School of Medicine and Dentistry, Menzies Health Institute Queensland, Griffith University, Nathan, QLD 4111, Australia.
School of Mathematics and Statistics, University of Melbourne, Parkville, VIC 3010, Australia.
Biostatistics. 2022 Dec 12;24(1):108-123. doi: 10.1093/biostatistics/kxab037.
Multimorbidity constitutes a serious challenge on the healthcare systems in the world, due to its association with poorer health-related outcomes, more complex clinical management, increases in health service utilization and costs, but a decrease in productivity. However, to date, most evidence on multimorbidity is derived from cross-sectional studies that have limited capacity to understand the pathway of multimorbid conditions. In this article, we present an innovative perspective on analyzing longitudinal data within a statistical framework of survival analysis of time-to-event recurrent data. The proposed methodology is based on a joint frailty modeling approach with multivariate random effects to account for the heterogeneous risk of failure and the presence of informative censoring due to a terminal event. We develop a generalized linear mixed model method for the efficient estimation of parameters. We demonstrate the capacity of our approach using a real cancer registry data set on the multimorbidity of melanoma patients and document the relative performance of the proposed joint frailty model to the natural competitor of a standard frailty model via extensive simulation studies. Our new approach is timely to advance evidence-based knowledge to address increasingly complex needs related to multimorbidity and develop interventions that are most effective and viable to better help a large number of individuals with multiple conditions.

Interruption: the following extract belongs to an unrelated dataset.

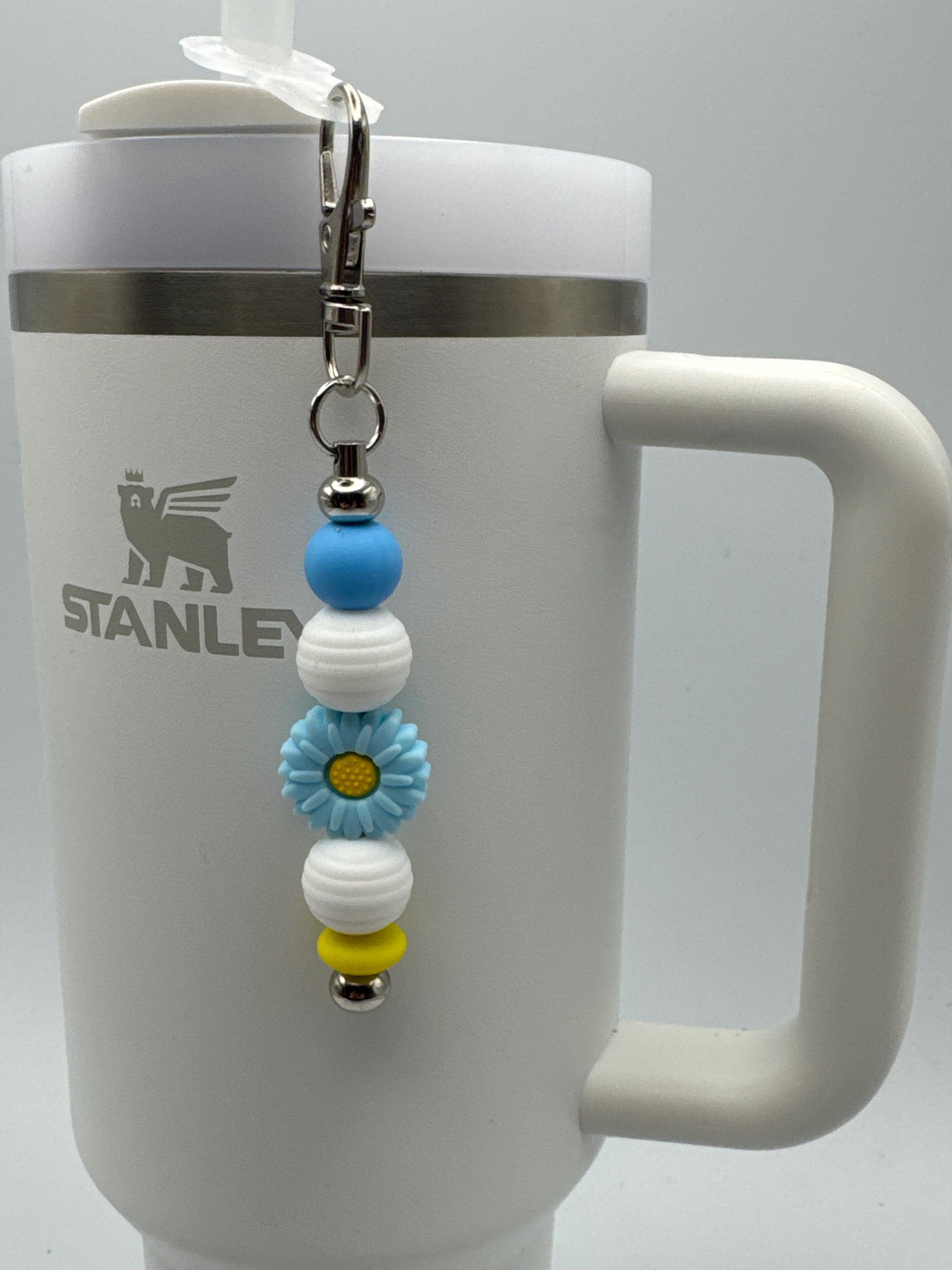 Blue Flower Straw Charm | Stanley Cup Accessories | Flower Key Chain/Purse Charm

多种疾病并存给世界上的医疗保健系统带来了严重的挑战,因为它与较差的健康相关结果、更复杂的临床管理、卫生服务利用和成本的增加以及生产力的下降有关。然而,迄今为止,大多数关于多种疾病并存的证据来自横断面研究,这些研究对多种疾病并存的发病机制的理解能力有限。在本文中,我们提出了一种新颖的观点,即在生存分析的统计框架内分析纵向数据,时间到事件复发数据的生存分析。所提出的方法基于联合脆弱性建模方法,具有多元随机效应,以考虑失败的异质性风险和由于终端事件导致的信息性删失的存在。我们开发了一种广义线性混合模型方法,用于有效估计参数。我们使用黑色素瘤患者多种疾病并存的真实癌症登记数据集来证明我们方法的能力,并通过广泛的模拟研究记录所提出的联合脆弱性模型相对于标准脆弱性模型的自然竞争者的相对性能。我们的新方法及时推进循证知识,以满足与多种疾病并存相关的日益复杂的需求,并开发最有效和可行的干预措施,以更好地帮助大量患有多种疾病的个体。